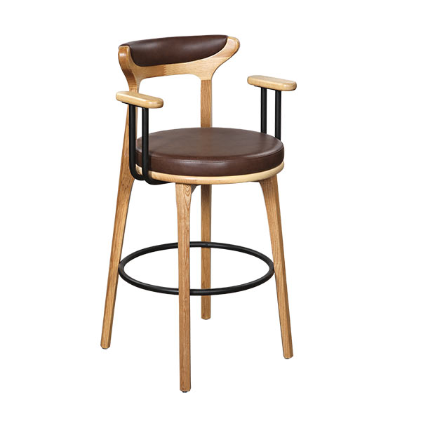 BR 1075 Drvena Barska Stolica Braon dizajnirana je za barske pultove i visoke površine, sa čvrstom drvenom konstrukcijom i stabilnom formom. Zaobljeni naslon i nasloni za ruke pružaju ergonomičnu udobnost, dok tapacirano sedište omogućava prijatno i dugotrajno sedenje. Metalni oslonac za noge doprinosi stabilnosti i funkcionalnosti. Bezvremenski dizajn omogućava lako uklapanje u restorane, kafiće, hotele i moderne enterijere.
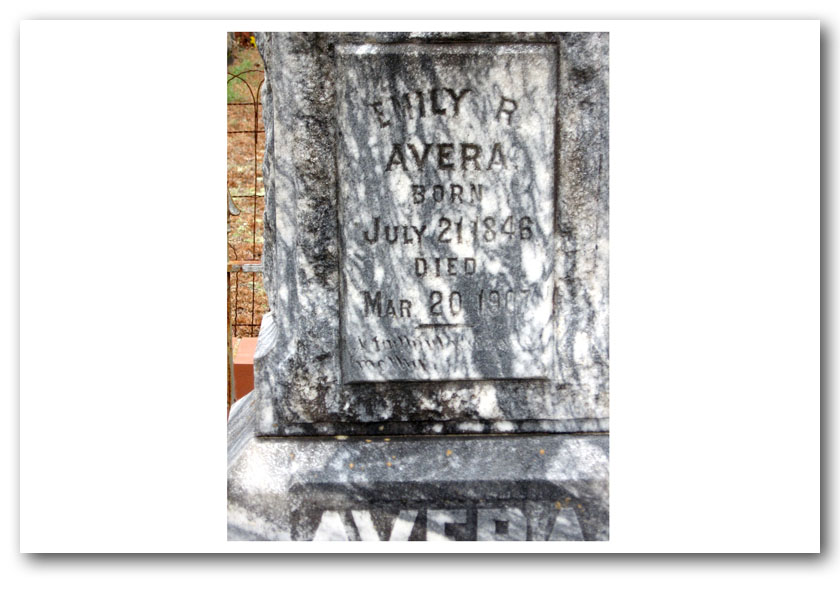 Green Hood Avera's wife Emily R. Avera's grave in Little Union Primitive Baptist Church Cemetery, Crawford Co., Georgia |
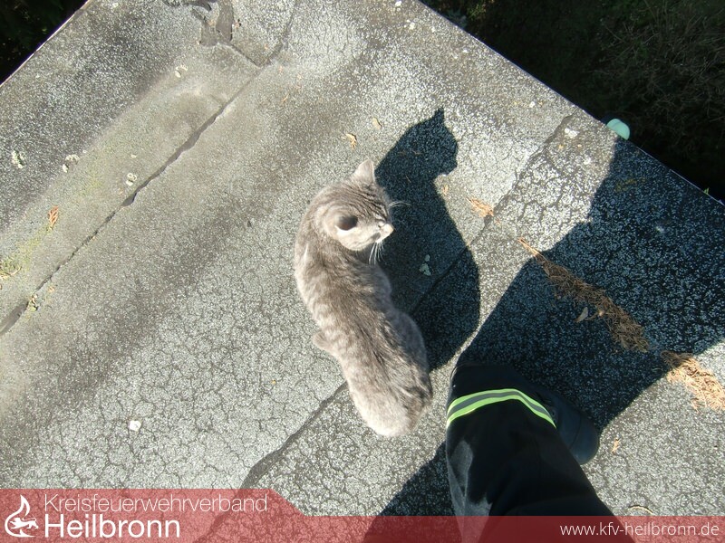 Anwohner meldeten, dass sich eine Katze seit mehreren Stunden auf einem Hausdach befand und der direkten Sonneneinstrahlung ausgesetzt war. Die Katze hatte vermutlich den Aufstieg über einen Baum gewählt und war von dort auf das Hausdach gesprungen. Ein Abstieg auf diesem Wege war der Katze nicht mehr möglich.
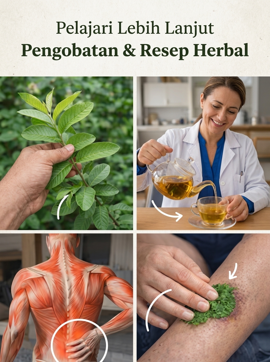 Dalam pengobatan tradisional, daun jambu biji sering digunakan sebagai teh herbal, kompres hangat, atau bahkan minyak pijat. Berikut beberapa cara sederhana menggunakannya:
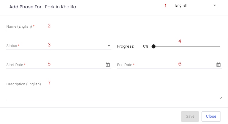 In this form Admin user enters the required data for adding projects which contain : - Title (Required) : The admin can add title based on selected language in option1
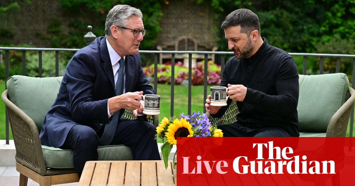 ShareKeir Starmer to meet Volodymyr Zelenskyy in Downing StreetKeir Starmer will be joined by the Ukrainian president Volodymyr Zelenskyy at Downing Street on Thursday morning, as Europe braces for the outcome of Donald Trump’s face-to-face discussions with his Russian counterpart later this week.The prime minister’s meeting with Zelenskyy comes after he said Britain stood ready to “increase pressure” on Russia if necessary. Meanwhile, Trump threatened Russia with “severe consequences” if a ceasefire was rejected by its leader.During a call with the US president and European allies on Wednesday, Starmer praised Trump for his work to bring forward a “viable” chance of an end to the war.Keir Starmer and Ukraine’s president Volodymyr Zelenskyy leave 10 Downing Street after a meeting in London on 23 June 2025. Photograph: Frank Augstein/APConcerns have been raised over Zelenskyy’s exclusion from the meeting between Trump and Putin, which is scheduled to take place in Alaska.Speaking on Wednesday, Starmer said:
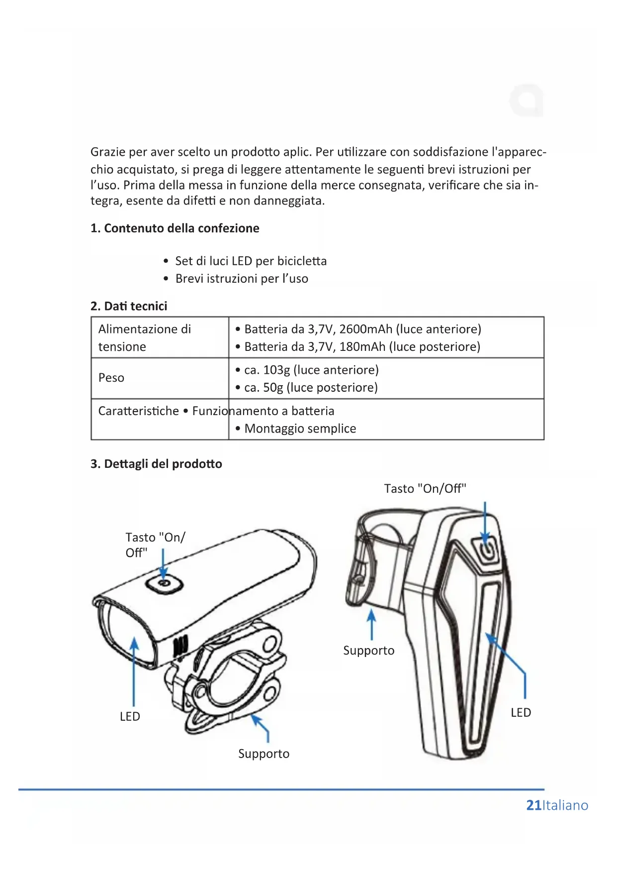 - Baeria da 3,7V, 2600mAh (luce anteriore)
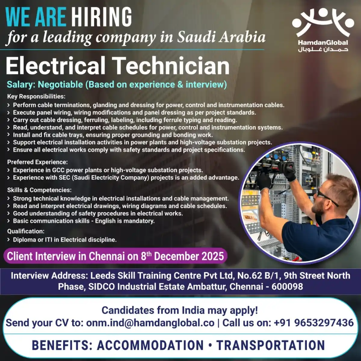 Apply for Electrical Technician role in Saudi Arabia. Perform cable terminations, panel wiring in power plants. Negotiable salary, accommodation & transport. Interview in Chennai on 8th Dec 2025.
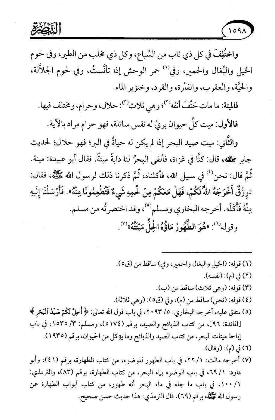 (¬7) أخرجه مالك: 1/ 22، في باب الطهور للوضوء، من كتاب الطهارة، برقم (41)، وأبو داود: 1/ 69، في باب الوضوء بماء البحر، من كتاب الطهارة، برقم (83)، والترمذي: 1/ 100، في باب ما جاء في ماء البحر أنه طهور، من كتاب أبواب الطهارة عن رسول الله - صلى الله عليه وسلم - برقم (69)، قال الترمذي: هذا حديث حسن صحيح.

___

What to work on
Treat the line with "- Baeria da 3,7V, 2600mAh (luce anteriore)" as the start and the line with "Apply for Electrical" as the end, and return exactly that span of the data above, both ends included, without pictures.

Written response
 - Baeria da 3,7V, 2600mAh (luce anteriore)
 Apply for Electrical Technician role in Saudi Arabia. Perform cable terminations, panel wiring in power plants. Negotiable salary, accommodation & transport. Interview in Chennai on 8th Dec 2025.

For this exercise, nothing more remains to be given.